* WHAT TO WORK ON *
Once the pictures are set aside, output all the records exactly.
(RECORDS PROVIDED)
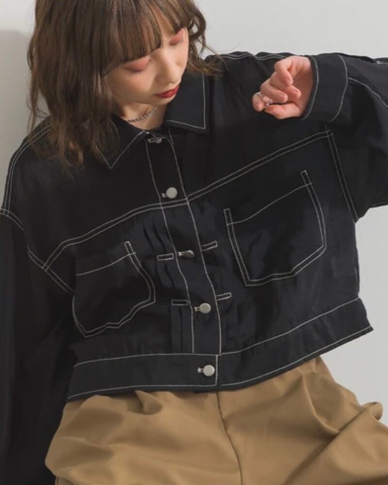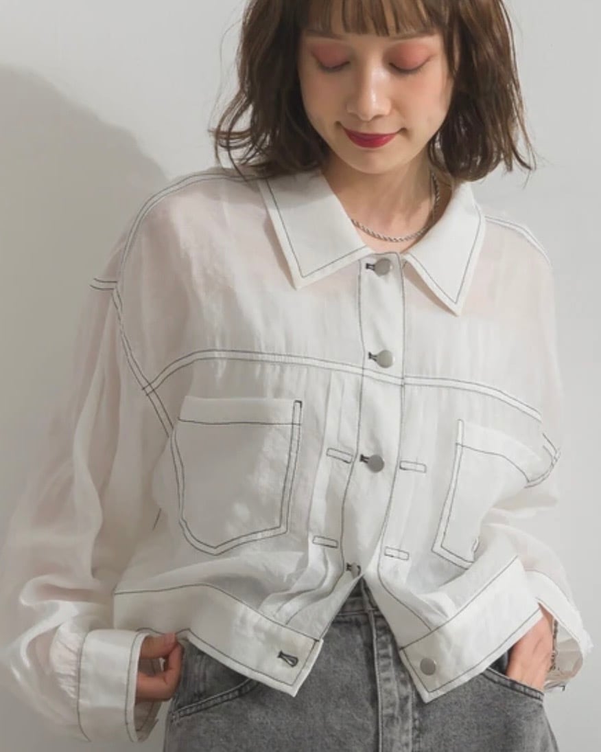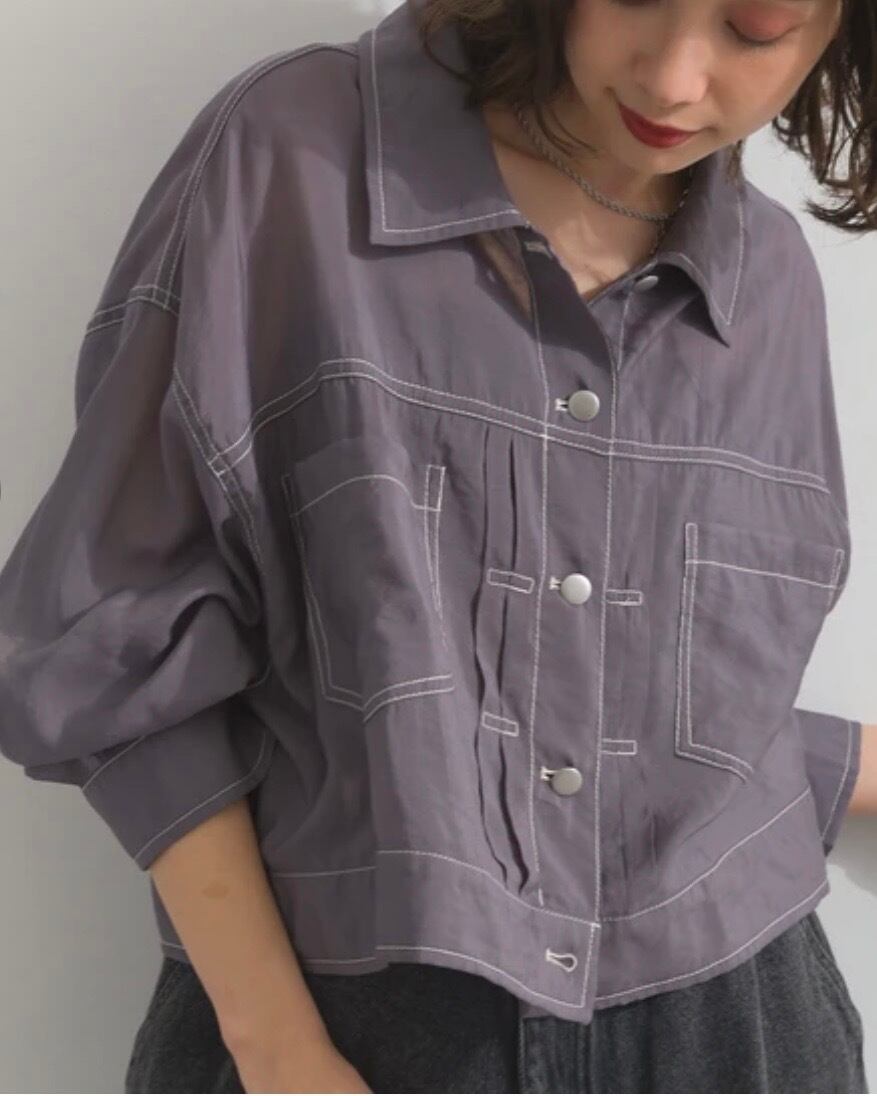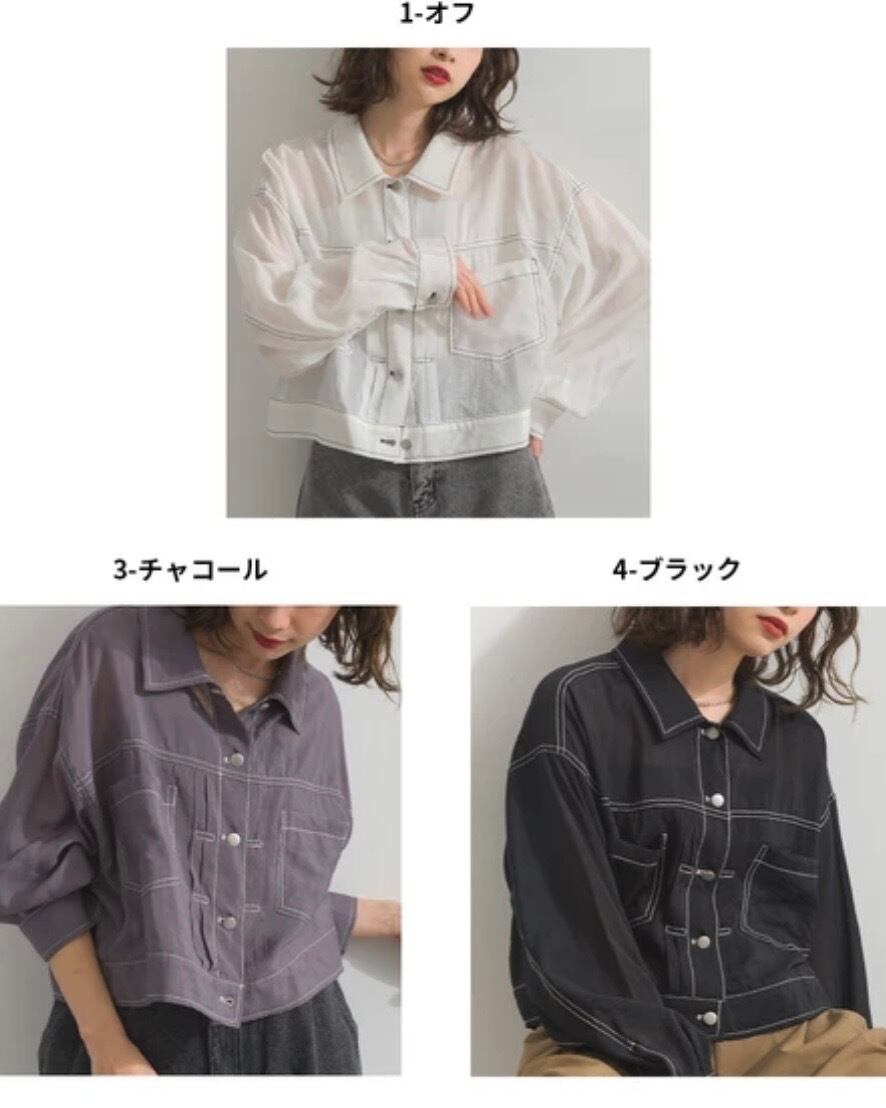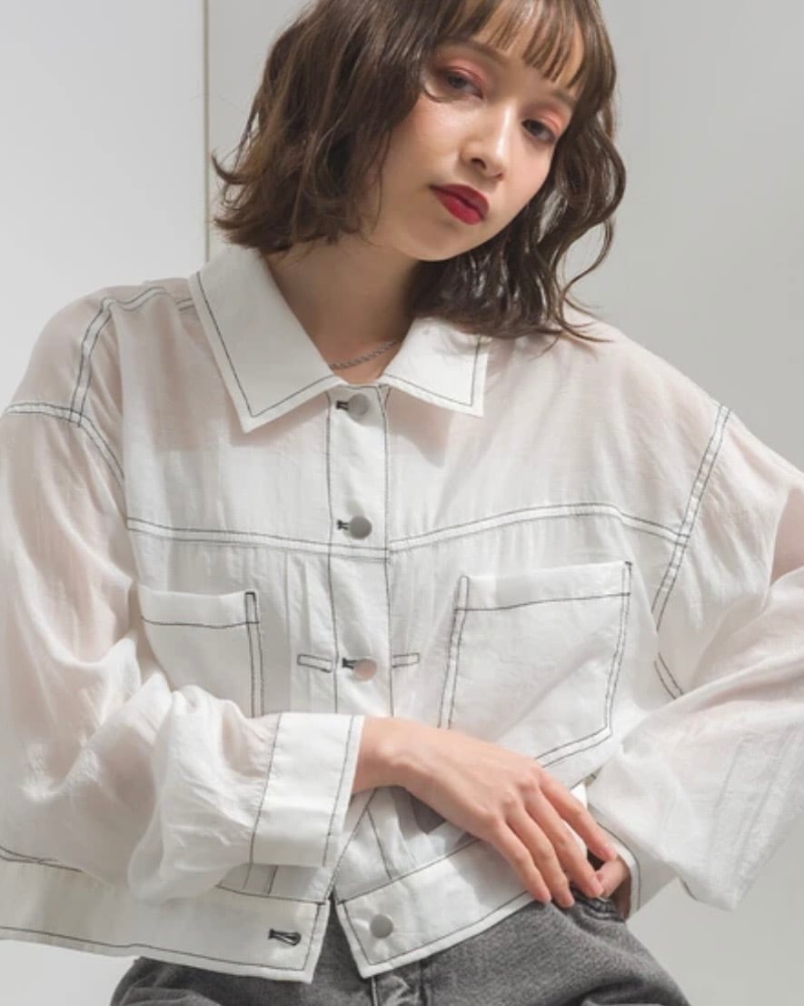 配色ステッチ ボリュームスリーブ シアー Gジャン
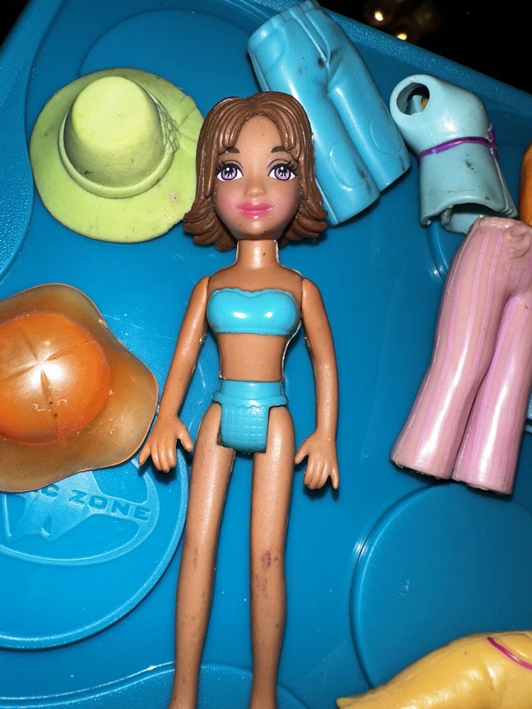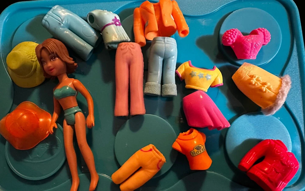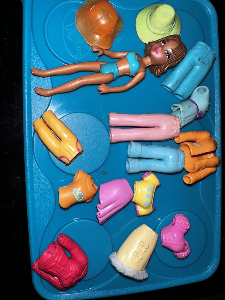 This is a lot of vintage Polly Pocket and Friends dolls, including one doll and stretch rubber clothes. The dolls are made by Mattel and are 3.5 inches in size. The set includes 4 dolls , outfits. The franchise is Polly Pocket. 24-0420
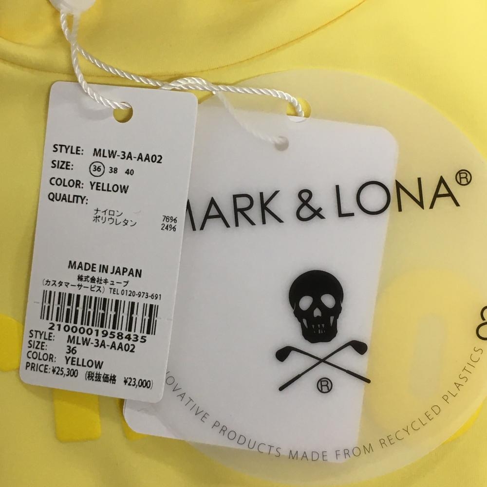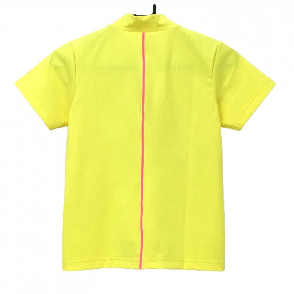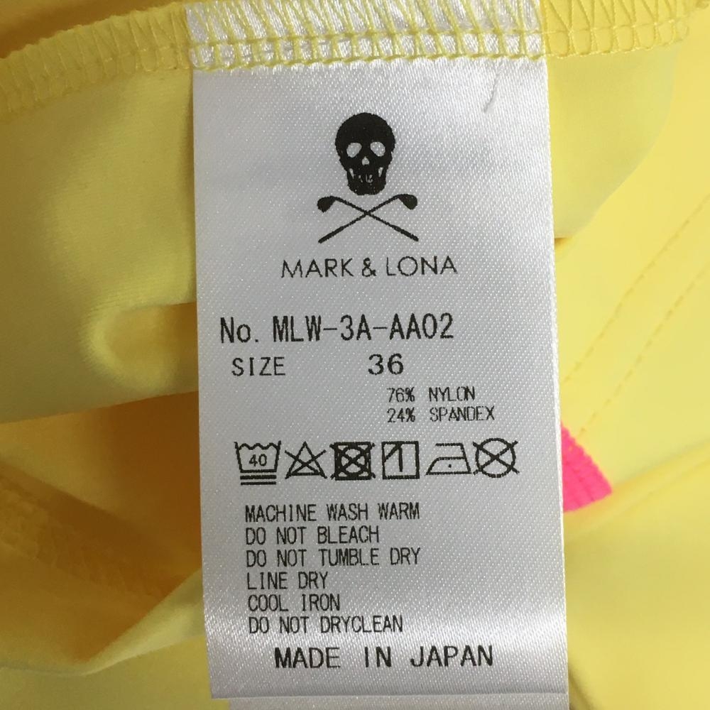 【新品】マークアンドロナ 半袖ハイネックシャツ イエロー×ピンク ロゴプリント レディース 36(S) ゴルフウェア 2023年モデル MARK&LONA
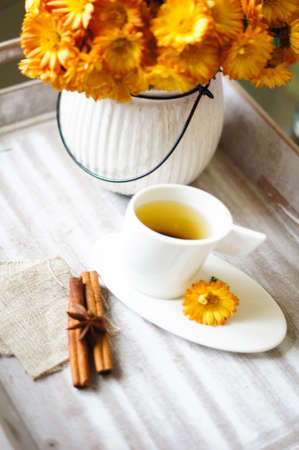 Cup of tea with cinnamon and anise star with autumnal flowers on the wooden table
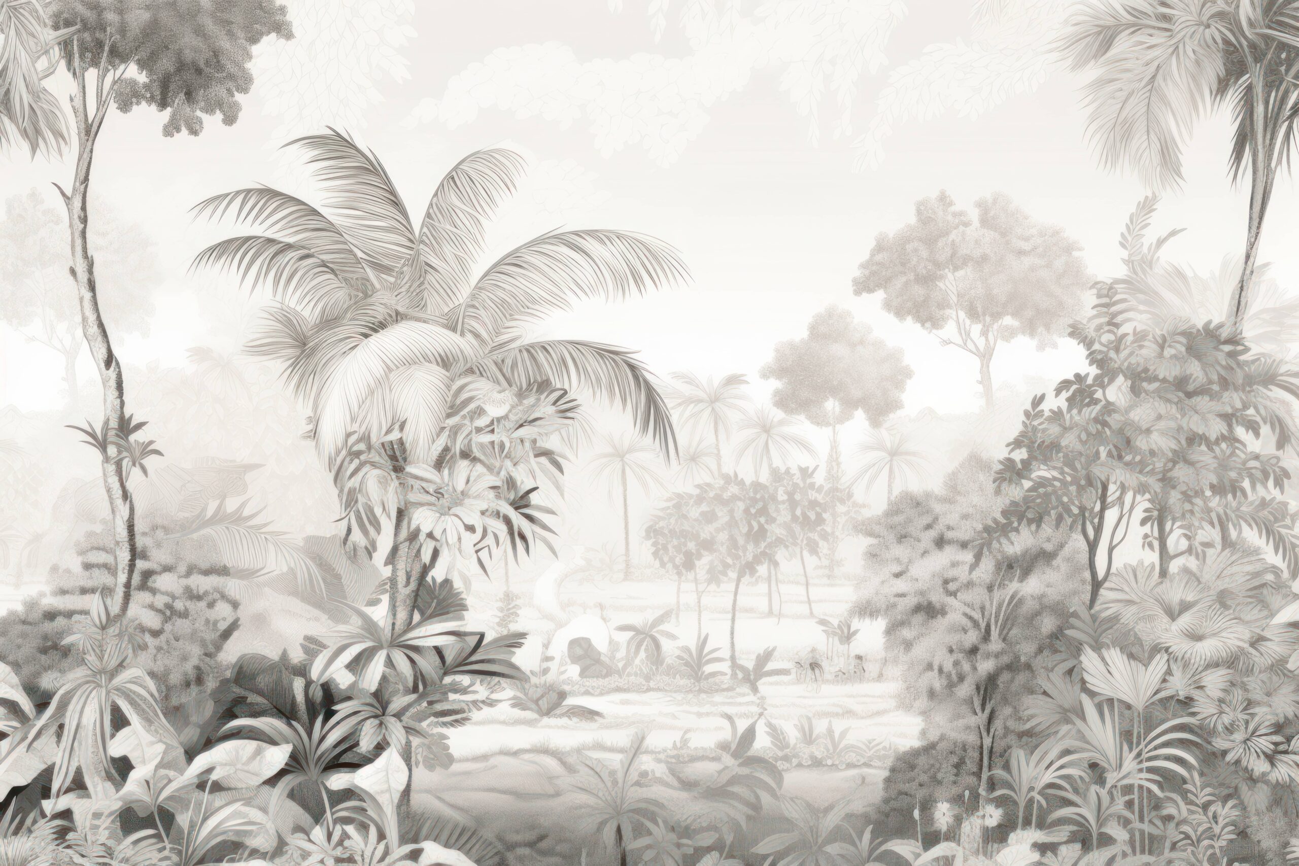 Sillni një atmosferë unike në shtëpinë tuaj me muralin “Parajsa Tropikale e Mjegullt”. Ky motiv delikat dhe monokromatik i xhunglës tropikale mbështjell hapësirën në një mjegull të butë dhe nxjerr qetësinë e një pylli ekzotik shiu. Detajet e sakta të gjetheve dhe pemëve krijojnë një atmosferë misteri dhe harmonie natyrore që përzihet në mënyrë të përkryer me aranzhimet moderne dhe klasike.
(End RECORDS PROVIDED)
* OUTPUT FOR THIS TASK *
 配色ステッチ ボリュームスリーブ シアー Gジャン
 This is a lot of vintage Polly Pocket and Friends dolls, including one doll and stretch rubber clothes. The dolls are made by Mattel and are 3.5 inches in size. The set includes 4 dolls , outfits. The franchise is Polly Pocket. 24-0420
 【新品】マークアンドロナ 半袖ハイネックシャツ イエロー×ピンク ロゴプリント レディース 36(S) ゴルフウェア 2023年モデル MARK&LONA
 Cup of tea with cinnamon and anise star with autumnal flowers on the wooden table
 Sillni një atmosferë unike në shtëpinë tuaj me muralin “Parajsa Tropikale e Mjegullt”. Ky motiv delikat dhe monokromatik i xhunglës tropikale mbështjell hapësirën në një mjegull të butë dhe nxjerr qetësinë e një pylli ekzotik shiu. Detajet e sakta të gjetheve dhe pemëve krijojnë një atmosferë misteri dhe harmonie natyrore që përzihet në mënyrë të përkryer me aranzhimet moderne dhe klasike.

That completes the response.